Data under study:

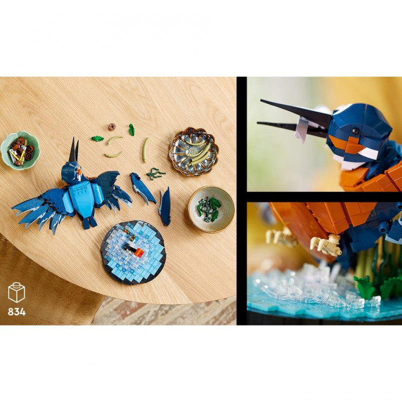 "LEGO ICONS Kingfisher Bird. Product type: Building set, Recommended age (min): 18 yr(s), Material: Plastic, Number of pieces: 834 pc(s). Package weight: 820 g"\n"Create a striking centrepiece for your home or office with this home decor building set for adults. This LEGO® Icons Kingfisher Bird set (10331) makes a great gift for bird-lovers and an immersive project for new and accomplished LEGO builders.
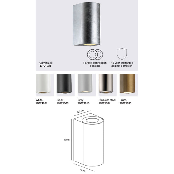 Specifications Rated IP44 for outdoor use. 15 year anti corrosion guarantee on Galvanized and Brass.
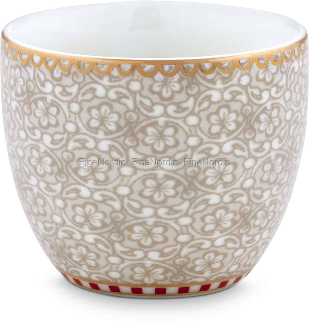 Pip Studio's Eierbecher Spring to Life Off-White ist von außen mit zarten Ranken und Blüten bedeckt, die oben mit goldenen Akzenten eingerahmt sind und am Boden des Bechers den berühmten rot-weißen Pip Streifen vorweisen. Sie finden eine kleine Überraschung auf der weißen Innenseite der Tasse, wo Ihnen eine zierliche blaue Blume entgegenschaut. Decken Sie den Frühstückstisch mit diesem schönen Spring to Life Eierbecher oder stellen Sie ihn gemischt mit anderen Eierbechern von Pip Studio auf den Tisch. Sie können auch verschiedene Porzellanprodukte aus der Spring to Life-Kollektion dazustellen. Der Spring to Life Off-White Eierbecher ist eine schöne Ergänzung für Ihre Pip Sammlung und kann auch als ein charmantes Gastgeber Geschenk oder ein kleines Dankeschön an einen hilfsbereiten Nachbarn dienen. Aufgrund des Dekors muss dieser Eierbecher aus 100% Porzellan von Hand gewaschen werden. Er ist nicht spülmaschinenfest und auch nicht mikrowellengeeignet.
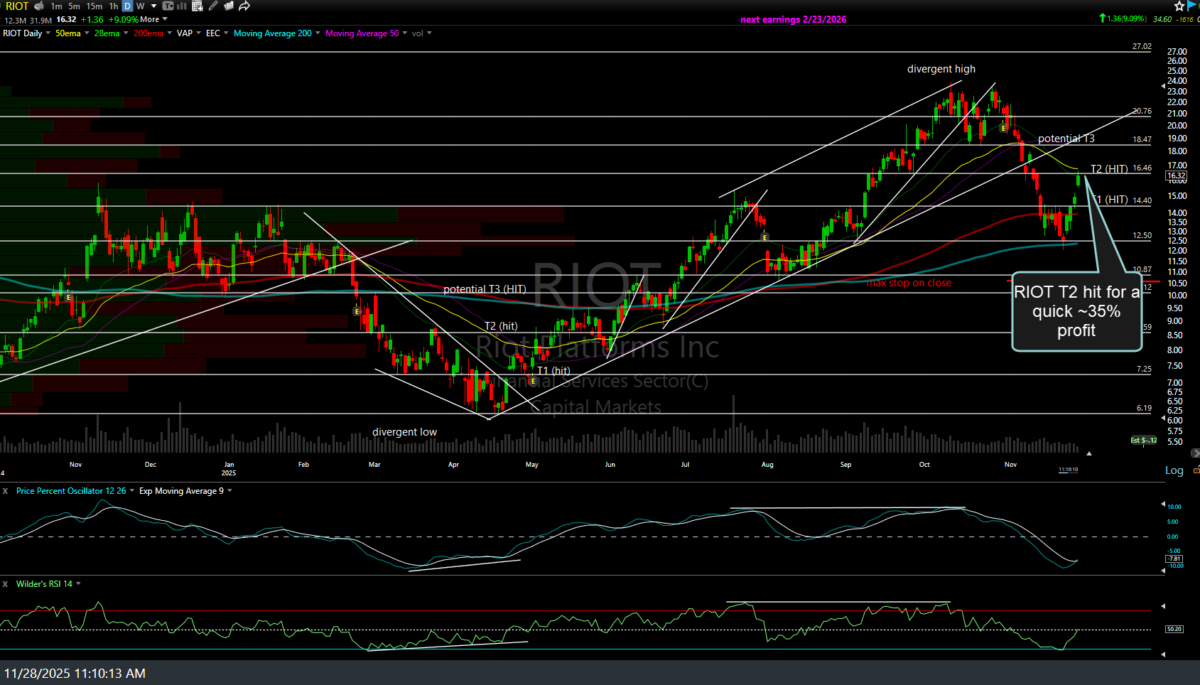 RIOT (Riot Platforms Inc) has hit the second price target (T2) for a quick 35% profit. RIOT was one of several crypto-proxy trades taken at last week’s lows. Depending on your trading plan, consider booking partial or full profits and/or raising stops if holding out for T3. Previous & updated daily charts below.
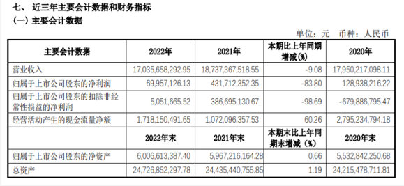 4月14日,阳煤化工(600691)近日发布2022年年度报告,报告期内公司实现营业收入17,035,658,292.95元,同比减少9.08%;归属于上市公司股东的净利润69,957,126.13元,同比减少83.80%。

What to work on: Skip all pictures. Copy exactly the lines from the one containing "RIOT (Riot Platforms" through the end of the records, both ends included.

Solution to the exercise:
 RIOT (Riot Platforms Inc) has hit the second price target (T2) for a quick 35% profit. RIOT was one of several crypto-proxy trades taken at last week’s lows. Depending on your trading plan, consider booking partial or full profits and/or raising stops if holding out for T3. Previous & updated daily charts below.
 4月14日,阳煤化工(600691)近日发布2022年年度报告,报告期内公司实现营业收入17,035,658,292.95元,同比减少9.08%;归属于上市公司股东的净利润69,957,126.13元,同比减少83.80%。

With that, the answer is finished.